We sought out fledgling therapies, new doctors, 'experimental' treatments. From sensory integration to social stories to therapy reading dogs to hypothereapy we have helped establish them all in this area.
We may not have led the long line of other families seeking help, but i don't think we followed very often.
i know he is only speaking out of guilt, we can help but blame ourselves some days for the challenges our kids face, but I KNOW we have done all we can every way we can for her.

i think one of the reasons I fear writing this blog is because i am afraid that people, many I know and love, will decide she is crazy.
It is agonizingly hard to watch your child deal with a mental illness, but to also never really be able to be true and open with others is even harder.
I worry that if i share the hallucinations she will be thought crazy.
I worry that i share the anxiety she will be thought silly.
i have a hard time
a very hard time
with the very real and deep stigma that mental illness has.
There is so much I want to share; so many others must be experiencing this too!
But I am having to fight the fear of judgment and reaction from those who know us.
Funny to hear from the woman who purposely wears unmatched socks just to aggravate others. :)

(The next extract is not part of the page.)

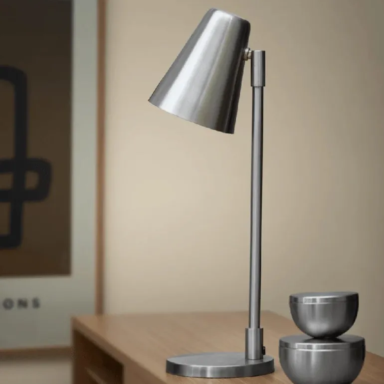 Ramo bordlampen fra H. Skjalm P. er en smuk og enkel bordlamper, som giver et varmt og behageligt lys. Det klassiske design gør den perfekt som lyskilde på skrivebordet, som natlampe på sengebordet eller som læselys ved sofahjørnet. Vælg i mellem stål og mat messing.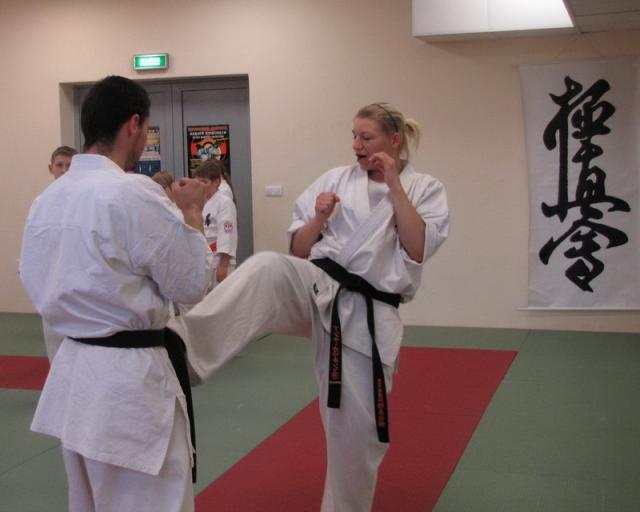 - Na treningu znalazły się przede wszystkim te osoby, które startują na zawodach oraz posiadają już dość zaawansowany poziom wyszkolenia - mówił sensei Radosław Grabowski. - Trening dotyczył właśnie elementów walki oraz poświęcony był efektywniejszej pracy na sprzęcie. Sensei Ania pokazała kilka bardzo ciekawych ćwiczeń poprawiających szybkość i koordynację. Część treningu poświęcona była kontroli dystansu oraz walce w półdystansie.

I had a very emotional thing happen at work a few days ago. I was just randomly chatting with a co worker as she took her break and I wiped down the tables. Somehow I mentioned Thunderous and Autism. She grabbed a book off of the new release self and asked if I had ever read it.
It was called Mother Warriors by Jenny McCarthy.


I hadn't.
I read the back, "Wow!" I said out loud, surprised, " I guess I really am a Mother Warrior!"
"I am too, how old is yours?"" a voice interrupted my thoughtful gazing at the book back. I look up and say a very tired but purposeful looking woman standing at my counter. We had a quick discussion as I made her drink about our boys. I loved that feeling of companionship we had shared so briefly.
I later sat down on a quick break when all was quite and read the first chapter... actually I think it was the forward... I couldn't make it to the end. I was crying so hard!
Where had this book been as I had fought so hard for my kids over the last 10 years!?
Where were these other mothers!?
Why if there are so many of us fighting, Why have I been so alone on my journey!?!


i really want to read this book, anything that touches me so deeply is worth it... I just have to wait a bit till I have the money.


1 comment:

Jessica G. said...

"Mother Warrior." I love the sound of that. And yes, it suits you and your fierce devotion to your kids.